Reproduce, exactly and in full, only the lines below from the one containing "1、游戲中點(diǎn)擊重" through the one containing "This special version".

+++ EXERCISE INPUT

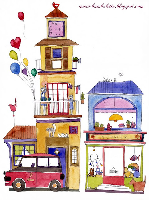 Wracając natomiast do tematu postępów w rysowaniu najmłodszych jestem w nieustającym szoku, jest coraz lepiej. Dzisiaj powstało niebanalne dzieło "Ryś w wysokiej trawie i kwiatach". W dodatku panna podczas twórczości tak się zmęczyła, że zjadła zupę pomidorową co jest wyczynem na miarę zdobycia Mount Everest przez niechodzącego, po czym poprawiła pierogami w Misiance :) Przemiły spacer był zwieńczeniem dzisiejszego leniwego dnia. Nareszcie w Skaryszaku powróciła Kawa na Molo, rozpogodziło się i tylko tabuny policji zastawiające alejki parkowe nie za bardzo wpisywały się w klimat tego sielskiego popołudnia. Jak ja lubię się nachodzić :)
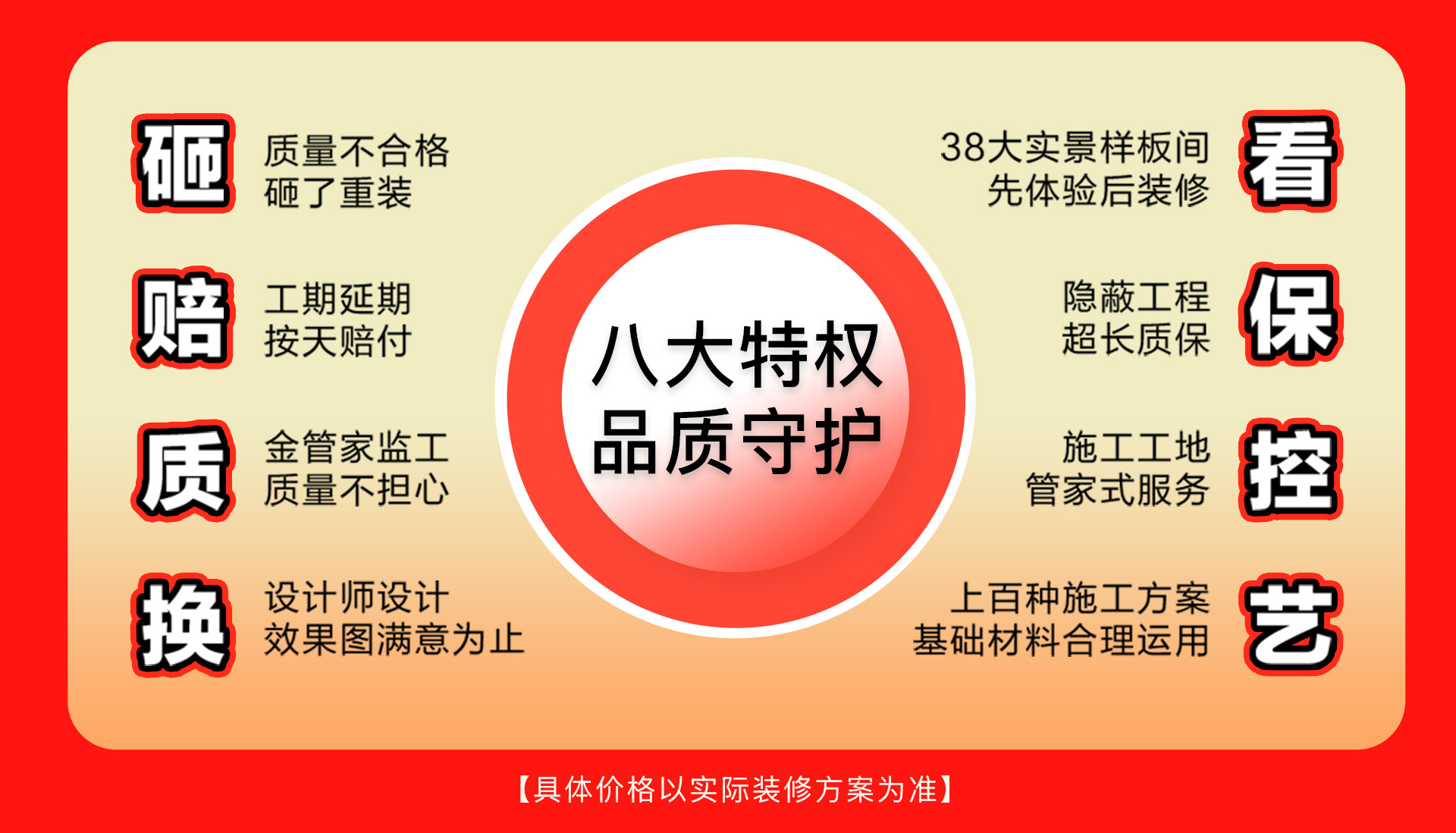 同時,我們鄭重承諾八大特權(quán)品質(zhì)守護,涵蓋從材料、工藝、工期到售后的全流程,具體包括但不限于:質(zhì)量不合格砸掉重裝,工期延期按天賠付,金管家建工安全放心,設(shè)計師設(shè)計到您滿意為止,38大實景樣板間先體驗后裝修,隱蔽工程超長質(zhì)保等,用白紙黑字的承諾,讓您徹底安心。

++++++
+++ EXERCISE INPUT

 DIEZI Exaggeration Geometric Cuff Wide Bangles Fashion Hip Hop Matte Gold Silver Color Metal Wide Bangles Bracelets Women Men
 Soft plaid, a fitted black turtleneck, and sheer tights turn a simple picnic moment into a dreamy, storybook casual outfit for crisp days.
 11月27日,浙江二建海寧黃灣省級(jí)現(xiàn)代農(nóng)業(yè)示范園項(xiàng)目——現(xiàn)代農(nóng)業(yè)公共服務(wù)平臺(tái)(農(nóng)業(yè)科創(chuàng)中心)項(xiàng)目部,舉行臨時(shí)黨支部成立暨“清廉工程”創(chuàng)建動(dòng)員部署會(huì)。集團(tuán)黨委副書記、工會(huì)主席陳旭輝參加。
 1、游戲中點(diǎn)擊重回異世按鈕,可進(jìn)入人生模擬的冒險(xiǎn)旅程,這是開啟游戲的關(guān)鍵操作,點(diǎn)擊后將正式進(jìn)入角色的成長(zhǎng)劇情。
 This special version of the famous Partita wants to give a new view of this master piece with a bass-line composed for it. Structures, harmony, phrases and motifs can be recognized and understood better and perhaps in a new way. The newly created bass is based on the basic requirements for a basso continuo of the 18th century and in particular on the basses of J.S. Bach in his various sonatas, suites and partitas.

++++++

▸ **ANSWER SPACE**
 1、游戲中點(diǎn)擊重回異世按鈕,可進(jìn)入人生模擬的冒險(xiǎn)旅程,這是開啟游戲的關(guān)鍵操作,點(diǎn)擊后將正式進(jìn)入角色的成長(zhǎng)劇情。
 This special version of the famous Partita wants to give a new view of this master piece with a bass-line composed for it. Structures, harmony, phrases and motifs can be recognized and understood better and perhaps in a new way. The newly created bass is based on the basic requirements for a basso continuo of the 18th century and in particular on the basses of J.S. Bach in his various sonatas, suites and partitas.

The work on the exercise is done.